Like the documents, I highly recommend saving images as TIF files. You are far more likely to want to zoom in on an image than a typed letter and saving the file as a TIF gives you greater ability to do so. There is no point in scanning an image at 1200 dpi for high resolution and then compressing it by saving it as a JPG.

TIF Vs. JPG

In case anyone is wondering why I am harping on file formats, this why. Whenever you save in one of these formats, your file is compressed. Meaning it’s squeezed into this type of file format. JPG uses a “lossy” compression meaning that it essentially deletes bits of the data you just created in your scan in order to save it in a smaller file size. A TIF on the other hand, does NOT use “lossy compression” which results in a larger file size, but all of your information remains intact.

A JPG can be handy if you’re uploading these to the web or emailing them or posting them on Facebook. But you can always work down in file size from something larger, you can’t work your way back up from something small. For this reason, I recommend saving all your scans as TIF files and then simply making a copy of the file as a JPG if you’d like to upload it online or email it to someone. That way you still retain a high-quality version of it.

I use CatalogIt for my collection of archival materials and I make a JPG copy of my scans and upload the JPG copy to their database so that it does not take up as much room since storage is a factor with their software. I keep the larger TIF files on my computer and back up separately to the cloud.

I hope this is a handy reference and helps answer some questions about resolutions and file types when scanning documents and photographs. Have more questions about any of this? Let us know on Facebook!

The Scanners to Digitize Your Collection

The Scanners to Digitize Your Collection

Last week we discussed in some basic detail the advantages of having a digitized copy of your collection available. This week, I want to tackle the first basic step in digitizing your collection—the scanners to digitize your collection. Each one of these sub-headings could be an entire post in itself, but I wanted to give you some basic information to get started if this is not something you have done before and you need to purchase equipment. I was going to go right into how to scan things, but I figured I’d better back up and start with having the best tools in place first.

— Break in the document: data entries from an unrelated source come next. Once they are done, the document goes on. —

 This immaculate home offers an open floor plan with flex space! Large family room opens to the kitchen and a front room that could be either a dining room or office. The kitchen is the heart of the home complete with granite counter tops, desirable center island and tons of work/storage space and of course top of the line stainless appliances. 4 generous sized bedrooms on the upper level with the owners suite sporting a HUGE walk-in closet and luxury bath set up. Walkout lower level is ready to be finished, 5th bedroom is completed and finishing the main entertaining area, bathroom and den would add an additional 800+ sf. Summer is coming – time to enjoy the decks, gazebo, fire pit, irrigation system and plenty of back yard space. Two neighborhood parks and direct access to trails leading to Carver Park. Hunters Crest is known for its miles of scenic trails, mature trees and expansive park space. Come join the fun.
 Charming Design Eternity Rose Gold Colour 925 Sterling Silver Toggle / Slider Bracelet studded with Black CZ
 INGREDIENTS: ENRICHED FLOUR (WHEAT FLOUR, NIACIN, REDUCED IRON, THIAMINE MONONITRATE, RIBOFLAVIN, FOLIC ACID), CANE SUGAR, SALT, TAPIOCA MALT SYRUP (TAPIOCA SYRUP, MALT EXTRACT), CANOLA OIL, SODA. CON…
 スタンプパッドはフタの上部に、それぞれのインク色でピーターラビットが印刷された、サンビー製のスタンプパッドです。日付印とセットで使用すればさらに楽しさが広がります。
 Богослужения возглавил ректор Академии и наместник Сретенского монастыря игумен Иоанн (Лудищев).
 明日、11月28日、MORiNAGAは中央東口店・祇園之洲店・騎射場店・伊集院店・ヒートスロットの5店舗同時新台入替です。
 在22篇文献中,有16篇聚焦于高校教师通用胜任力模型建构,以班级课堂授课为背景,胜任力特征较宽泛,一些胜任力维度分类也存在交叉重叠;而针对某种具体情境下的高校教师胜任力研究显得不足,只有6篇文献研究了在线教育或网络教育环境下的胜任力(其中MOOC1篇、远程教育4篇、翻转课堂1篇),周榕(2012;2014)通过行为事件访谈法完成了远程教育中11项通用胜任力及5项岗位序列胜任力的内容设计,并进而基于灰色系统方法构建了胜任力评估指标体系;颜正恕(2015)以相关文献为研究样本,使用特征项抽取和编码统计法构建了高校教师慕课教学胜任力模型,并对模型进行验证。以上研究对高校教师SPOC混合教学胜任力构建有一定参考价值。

In order to digitize your collection you will need a scanner, and a flatbed scanner would likely be your best option. You will get the best scans possible from a flatbed scanner as opposed to overhead scanners (but they are extremely useful as I’ll point out later on), and document feeders. I include document feeders on here because there are oversized scanners that use a document feeder to scan large maps and other oversized documents.

Flatbed Scanner

There are lots and lots of different brands and types of flatbed scanners available for purchase. Here, I’m going to share recommendations based on scanners that I personally use. You may already have one that has these same features, in which case, that is perfectly alright. These are by no means the only scanners that can do the job, these are just ones that I am currently using.

Epson Perfection V39 II

This is one of the more affordable scanners to digitize your collection, and it is very portable too.
This Epson Perfection V39 II scanner one of the more affordable scanners to digitize your collection, and it is very portable too.

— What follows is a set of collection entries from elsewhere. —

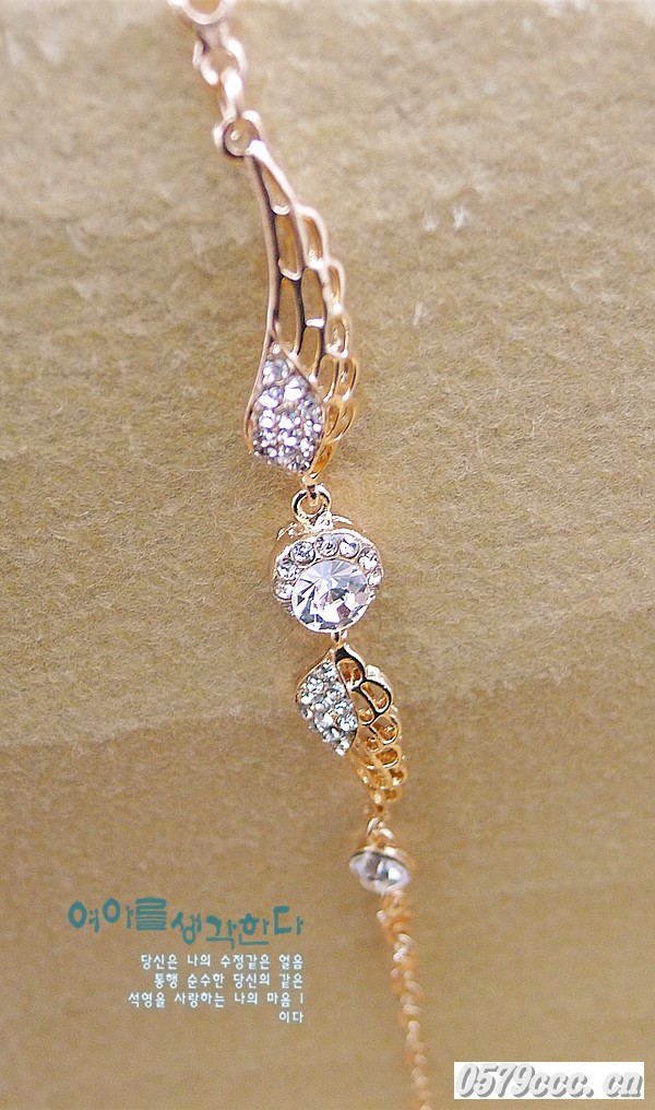 飾品批發(fā) 滿鉆翅膀桃心水晶手鏈 七夕情人節(jié)禮品項鏈 禮物
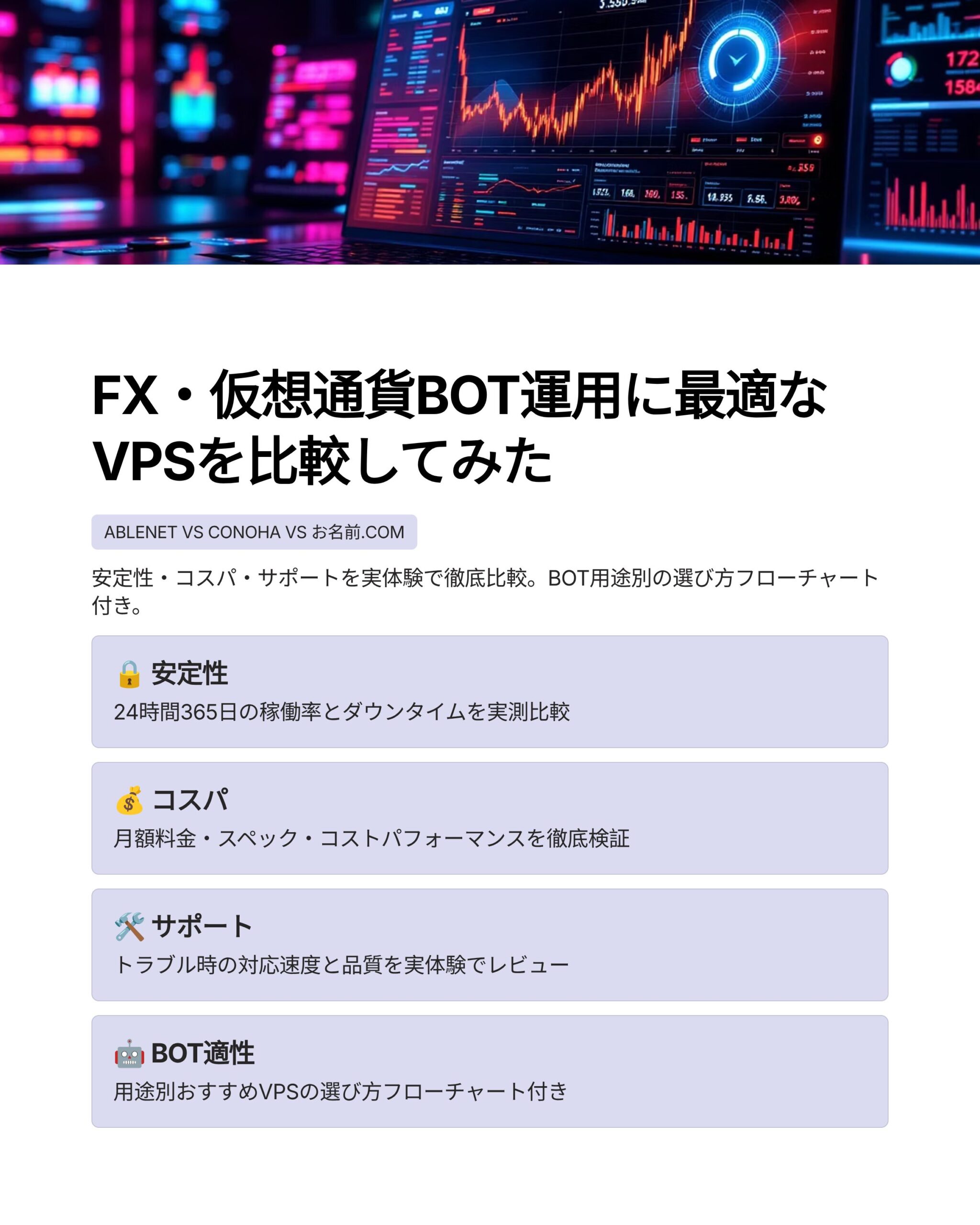 この記事では、VPS選びで実際に迷った経験をもとに、仮想通貨ボット運用に向いているVPS3社を比較します。「結局どれがいいの?」という疑問に、使っている人間の言葉でお答えします。
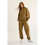 This versatile hoodie works beautifully with jeans for a classic casual look, pairs perfectly with the matching textured joggers for a coordinated set, or can be layered over dresses for an effortlessly cool vibe. The half-zip design makes it easy to adjust your look and layer with other pieces.

My version is the I rather than the II, but for all intents and purposes, they are the same. This scanner was a lifesaver for me as a researcher who spent several weeks on the road and needed to digitize photographs for research and eventual book publication. This little 3-pound scanner is small enough to fit into the laptop section of a standard backpack, but can scan at resolutions up to 4800 dpi. For reference, when scanning you’ll want to use a resolution of 600 dpi. Anything beyond that inflates the file size and typically does not add much to quality except in some circumstances.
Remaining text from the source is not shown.